I hope to come back to this, but it'll get tossed off the list if I find some dark vampire romance (or decide to read another Black Dagger Brotherhood book).


The Witch Haven by Sasha Peyton Smith
In 1911 New York City, seventeen-year-old Frances Hallowell spends her days as a seamstress, mourning the mysterious death of her brother months prior. Everything changes when she’s attacked and a man ends up dead at her feet—her scissors in his neck, and she can’t explain how they got there.

Before she can be condemned as a murderess, two cape-wearing nurses arrive to inform her she is deathly ill and ordered to report to Haxahaven Sanitarium. But Frances finds Haxahaven isn’t a sanitarium at all: it’s a school for witches. Within Haxahaven’s glittering walls, Frances finds the sisterhood she craves, but the headmistress warns Frances that magic is dangerous. Frances has no interest in the small, safe magic of her school, and is instead enchanted by Finn, a boy with magic himself who appears in her dreams and tells her he can teach her all she’s been craving to learn, lessons that may bring her closer to discovering what truly happened to her brother.

Frances’s newfound power attracts the attention of the leader of an ancient order who yearns for magical control of Manhattan. And who will stop at nothing to have Frances by his side. Frances must ultimately choose what matters more, justice for her murdered brother and her growing feelings for Finn, or the safety of her city and fellow witches. What price would she pay for power, and what if the truth is more terrible than she ever imagined?

I don't have too much to say about this one; it just sounds good. Historical fiction. Murder. It makes me think of the academic, knowledge-seeking murder mystery aesthetic of Stalking Jack the Ripper by Kerri Maniscalo mixed with the lighthearted, magic-infused politics and society of Spellbreaker by Charlie N. Holmberg.

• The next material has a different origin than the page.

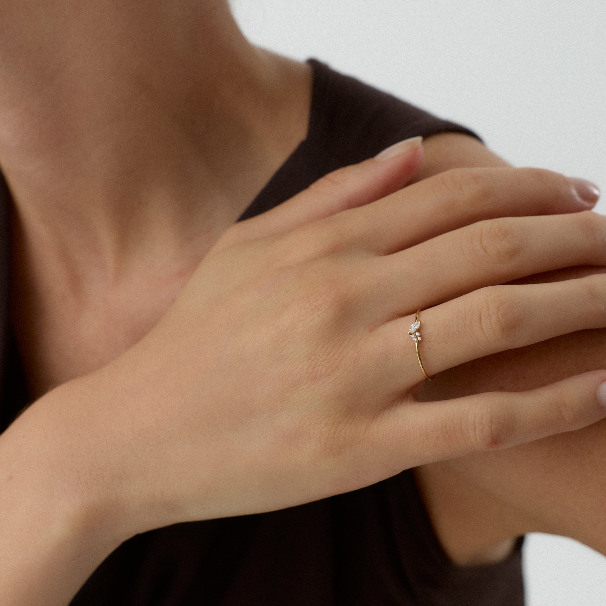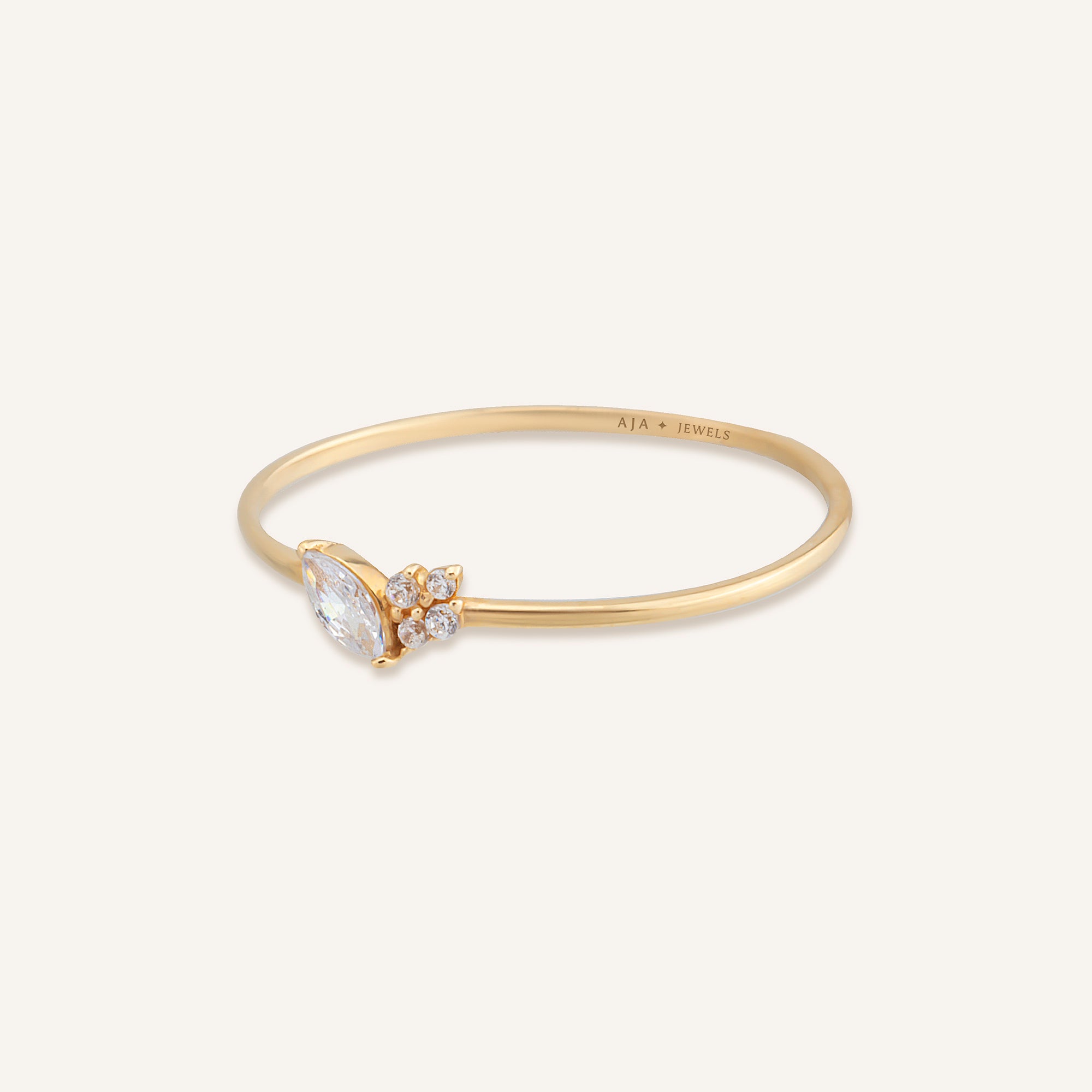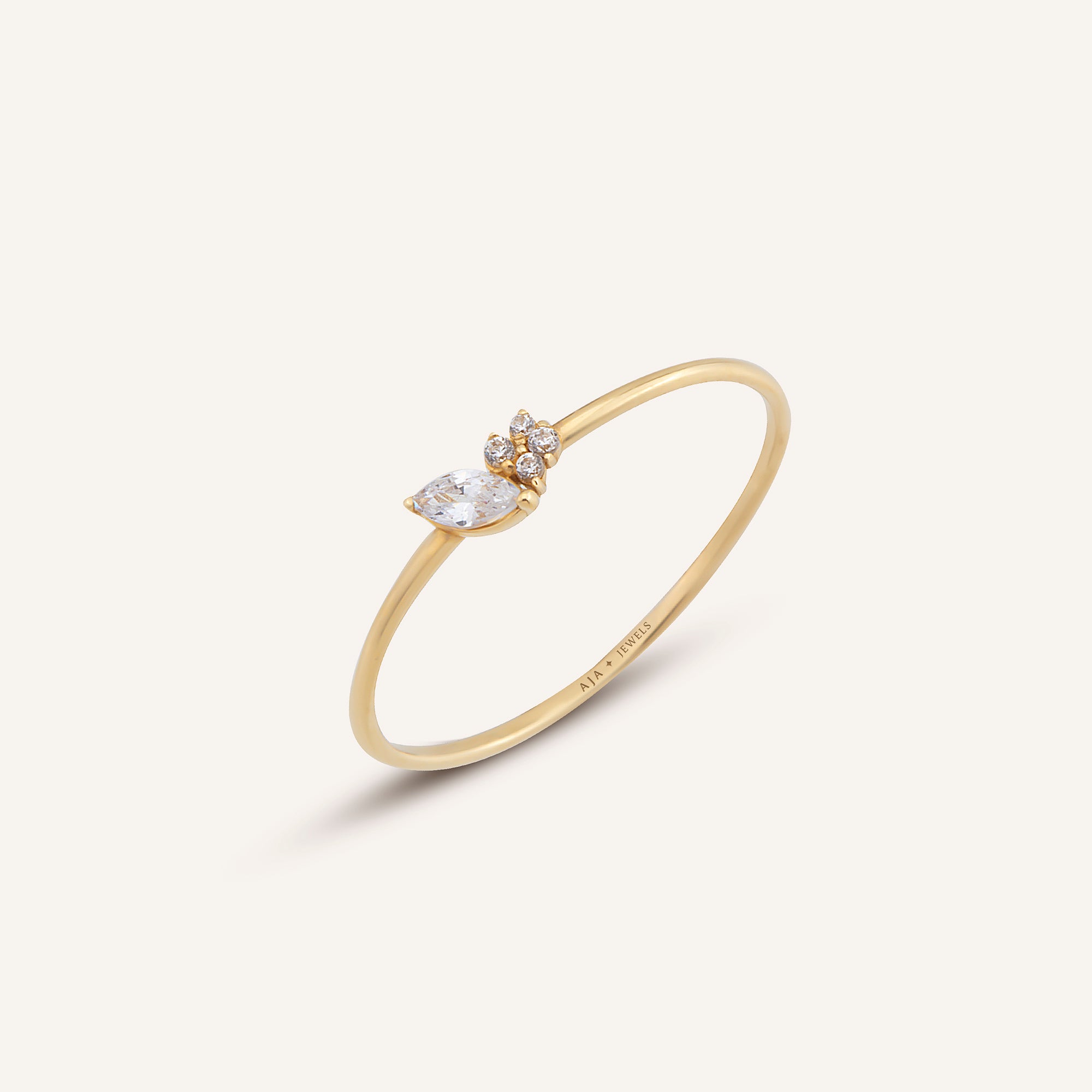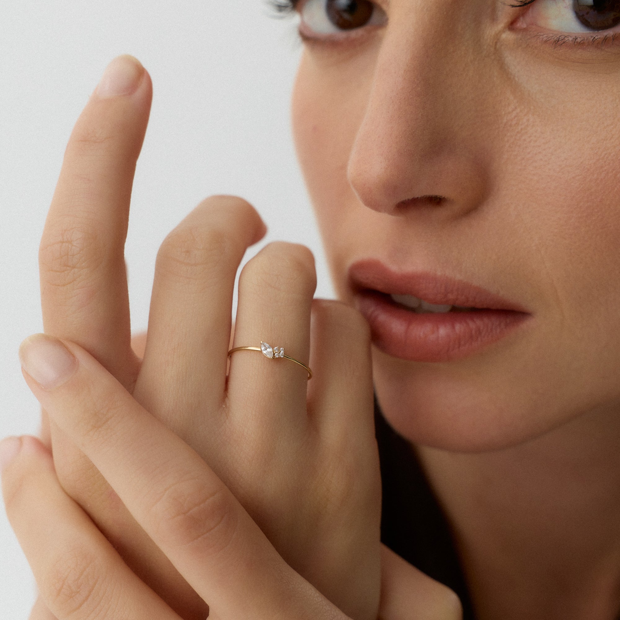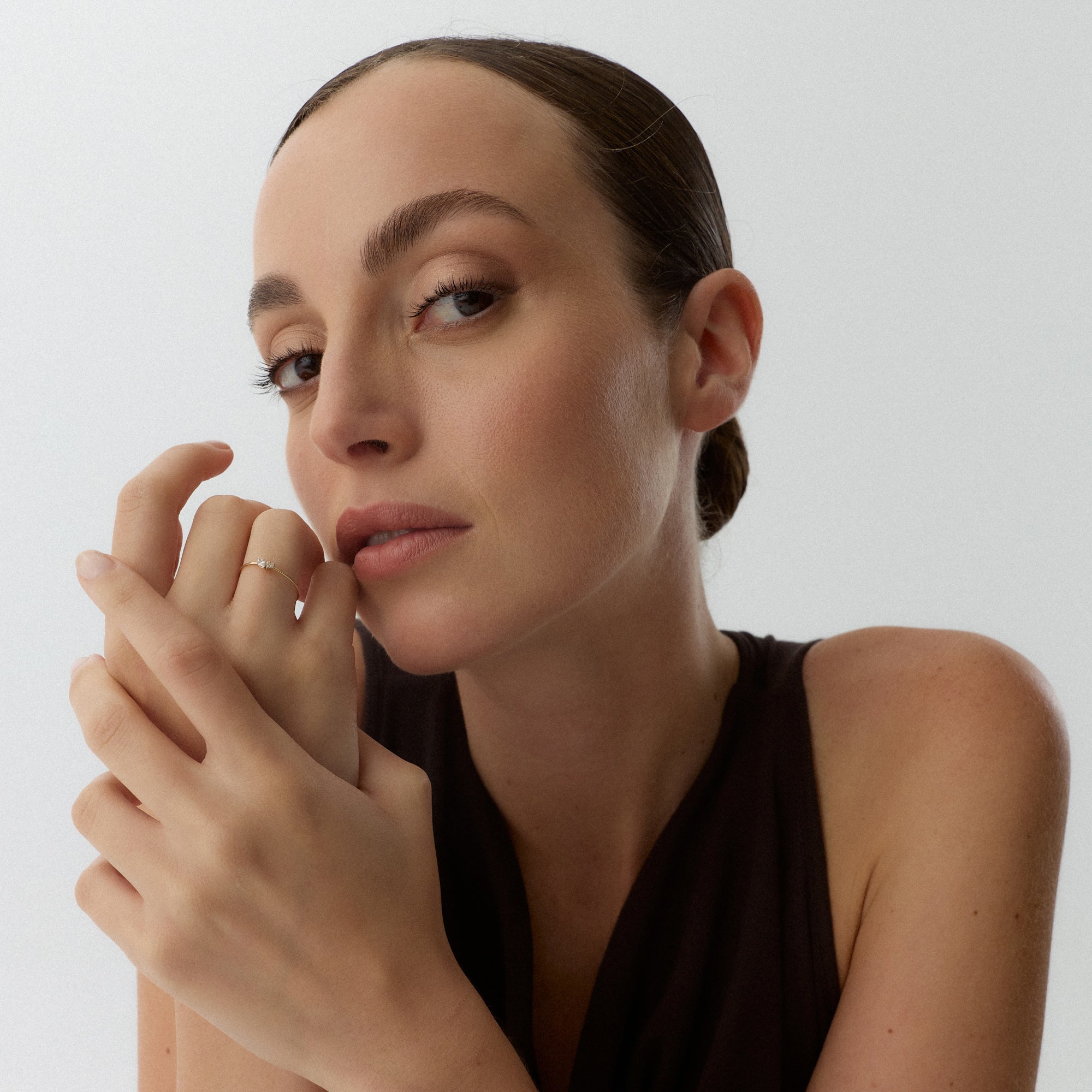 Esmira Yüzük, zarif bir form içinde güçlü bir enerjiyi taşır. Altının sıcak dokusu, ışığın yumuşak tonlarıyla birleşir. Feminen bir zarafeti modern bir dengeyle sunar. Esmira Yüzük, sade ama göz alıcı bir ışıltı arayanlar için kusursuz bir seçimdir.

Two books I really enjoyed. This will either be middle of the road or an exciting surprise.


A movie-adaptation moment, if I may:

The Vampire Academy has been revived from the ashes of that (terrible) movie and is now a new series on Peacock!


So far so good. I thought I'd be more upset about their "slightly" different Dimitri portrayal, but I'm not mad about it. The actor lost the creepy Russian, possibly-evil, Dracula-hair look, but we've got a more conventionally attractive actor who's fun to watch and good at portraying that tough-guy, stoically a softie thing.


The show is dropping the ball on the romantic build up... but it's the equivalent of a YA novel, so you can't fault it too much.


The diverse cast is definitely a nice upgrade from the book AND the movie. I love the actor who plays Rose. She comes across tough without it being her whole personality (again, unlike the movie).


Peacock is free! Episode release day (Thursday) is getting me through my week.

 

TBH this list feels lacking. My brain is screaming "Give me vampires or give me death!" Or whatever the undead version of that request is.


I'm on the hunt for vampire villain romances. Something much darker than what When Life Gives You Vampires had to offer. The only thing scary about that one was how it normalized fat-shaming and shoved "you must forgive and forget toxic people" down my throat.


It is Spooky Season after all. Sometimes it's better to cut someone out of your life.